TASK BRIEF: Your response should consist of the entire listing, transcribed exactly, with every image left out.

SOURCE DATA:
──────

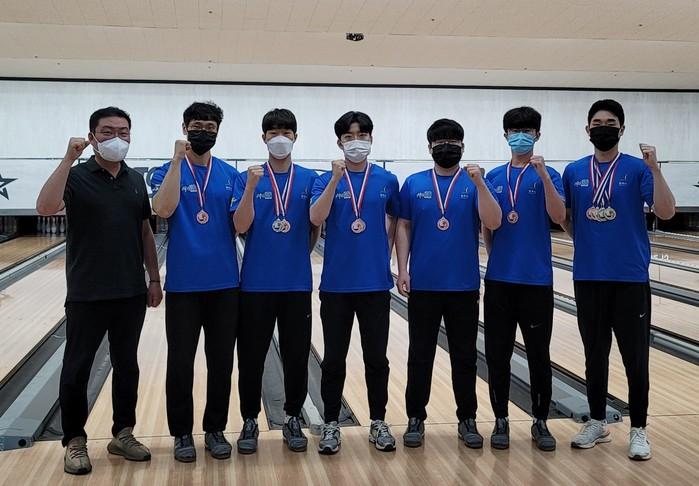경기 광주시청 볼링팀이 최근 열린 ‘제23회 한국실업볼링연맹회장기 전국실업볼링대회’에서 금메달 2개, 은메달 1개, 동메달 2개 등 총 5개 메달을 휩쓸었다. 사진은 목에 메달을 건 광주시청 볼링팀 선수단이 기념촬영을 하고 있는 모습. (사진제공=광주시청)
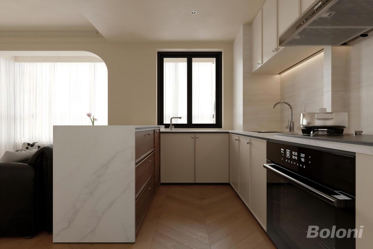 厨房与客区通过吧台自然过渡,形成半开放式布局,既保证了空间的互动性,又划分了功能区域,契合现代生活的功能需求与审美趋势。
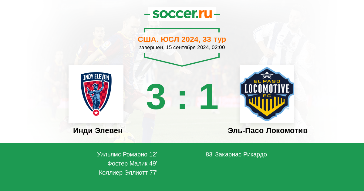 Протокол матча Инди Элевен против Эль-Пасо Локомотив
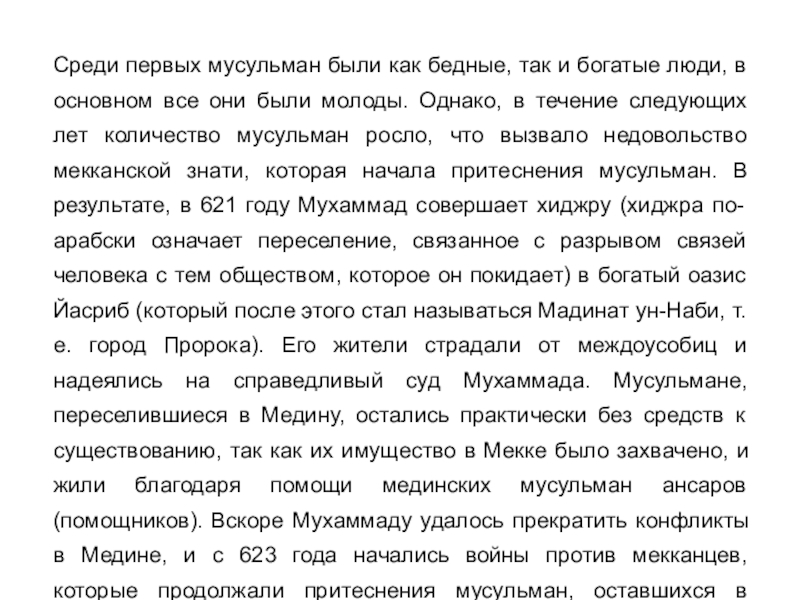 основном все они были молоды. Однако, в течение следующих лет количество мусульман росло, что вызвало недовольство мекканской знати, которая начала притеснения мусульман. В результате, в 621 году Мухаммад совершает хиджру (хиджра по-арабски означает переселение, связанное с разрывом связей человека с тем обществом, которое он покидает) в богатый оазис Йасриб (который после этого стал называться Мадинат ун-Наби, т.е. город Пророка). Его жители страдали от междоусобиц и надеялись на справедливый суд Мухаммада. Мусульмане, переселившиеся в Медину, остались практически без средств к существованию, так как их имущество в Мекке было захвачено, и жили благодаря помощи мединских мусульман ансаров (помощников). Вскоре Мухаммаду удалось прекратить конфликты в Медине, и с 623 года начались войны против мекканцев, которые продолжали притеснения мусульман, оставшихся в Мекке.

──────

OUTPUT OF THE TASK:
경기 광주시청 볼링팀이 최근 열린 ‘제23회 한국실업볼링연맹회장기 전국실업볼링대회’에서 금메달 2개, 은메달 1개, 동메달 2개 등 총 5개 메달을 휩쓸었다. 사진은 목에 메달을 건 광주시청 볼링팀 선수단이 기념촬영을 하고 있는 모습. (사진제공=광주시청)
 厨房与客区通过吧台自然过渡,形成半开放式布局,既保证了空间的互动性,又划分了功能区域,契合现代生活的功能需求与审美趋势。
 Протокол матча Инди Элевен против Эль-Пасо Локомотив
 основном все они были молоды. Однако, в течение следующих лет количество мусульман росло, что вызвало недовольство мекканской знати, которая начала притеснения мусульман. В результате, в 621 году Мухаммад совершает хиджру (хиджра по-арабски означает переселение, связанное с разрывом связей человека с тем обществом, которое он покидает) в богатый оазис Йасриб (который после этого стал называться Мадинат ун-Наби, т.е. город Пророка). Его жители страдали от междоусобиц и надеялись на справедливый суд Мухаммада. Мусульмане, переселившиеся в Медину, остались практически без средств к существованию, так как их имущество в Мекке было захвачено, и жили благодаря помощи мединских мусульман ансаров (помощников). Вскоре Мухаммаду удалось прекратить конфликты в Медине, и с 623 года начались войны против мекканцев, которые продолжали притеснения мусульман, оставшихся в Мекке.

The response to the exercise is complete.